What is prompting the shadows in our personal, spiritual, social/political, and physical lives? And, then we may ask, where is the light coming from? Light is always there, but from what source? Are shadow and light on speaking terms? I believe that the photographic magic of masters like Adams, Cunningham, Brandt, and Weston was found in how they made sure that light and shadow played well together.
Today the dark times of our economic, social, spiritual, and political lives may not in be any direr than other times in history. However, one must ask is the play of light and shadow working well? Polarizations are separating communities in strained and sometimes dangerous ways. With these thoughts in mind, is this a time in which photographers and other artists could take advantage of how the light and shadow life today can be visualized?
For example, a new photograph of mine would communicate clearly a growing fear of how light (in the form of hopefulness) is being suppressed by shadowy ideologies? Is there a subject, approach, or style that would communicate this growing sense of fear? What kind and level of light would come through if any and, from what source?
I know one thing for sure, the photograph (if successful) would share a deep foreboding. The shadows, more than likely, would dominate. And, they would capture how I sometimes feel lately, overpowered and lost as to what one can do to bring more light into being.
On the other hand, I might take the path of this adage, “It is always darkest before the dawn.” With this more positive outlook the photograph would have light clearly prevalent and even diffusing the blacks and shadows.
One of the reasons I so like doing what is called light painting is that I practice bringing light into a completely dark situation.

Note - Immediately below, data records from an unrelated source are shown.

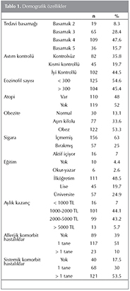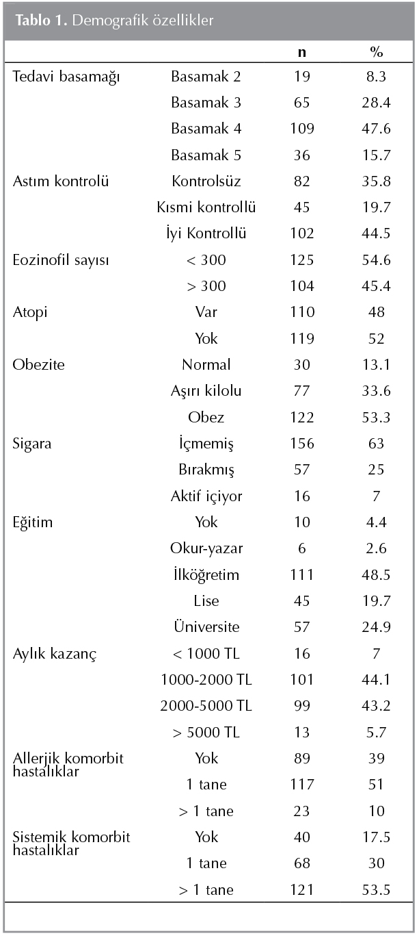 ?alışmaya ortalama yaşları 51.25 ? 12.02 olan 229 hasta (29E/200K, %12.7/87.3) alındı. Hastaların %47'si basamak-4 tedavi almaktaydı ve %44.5'inde astım iyi kontroll?yd?. Hastaların %53.3 obezdi ve nonatopiklerin sayısı atopiklere g?re daha fazlaydı (Tablo 1).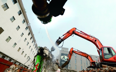 5日上午,施工人员在红桥天乐市场拆除现场喷水除尘 摄/记者 杨益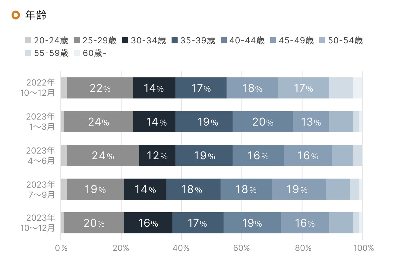2023年10〜12月度における成約顧客の年齢は、 25〜29歳の20%が最も割合の多い年齢帯となりました。 次に多い割合は40〜44歳の19%、続いて30〜34歳と45〜49歳が同率で17%でした。

I feel the responsibility of applying just the right amount of light in manifesting at least one positive aspect or character of the subject. To at least bring enough and the right kind of light into illumination even though the negative space darkness persists.
On a personal level, what frames your life? Is it a frame of fear and foreboding? Or, is it held by a frame of some position or way of being in life? Can it be filled with just the right amount of light to illuminate one’s most noble self? What kind of frame holds your life and can it be changed to allow the best light in?
Master photographer Paul Strand October 16, 1890 – March 31, 1976, chose to go to France in exile because of the anti-socialist McCarthyism in the late 1940’s and early 1950’s. This was due to his socialist orientations that appeared unaccepted at that time. Living in France without begin able to speak French caused him to use his photography to speak…to communicate.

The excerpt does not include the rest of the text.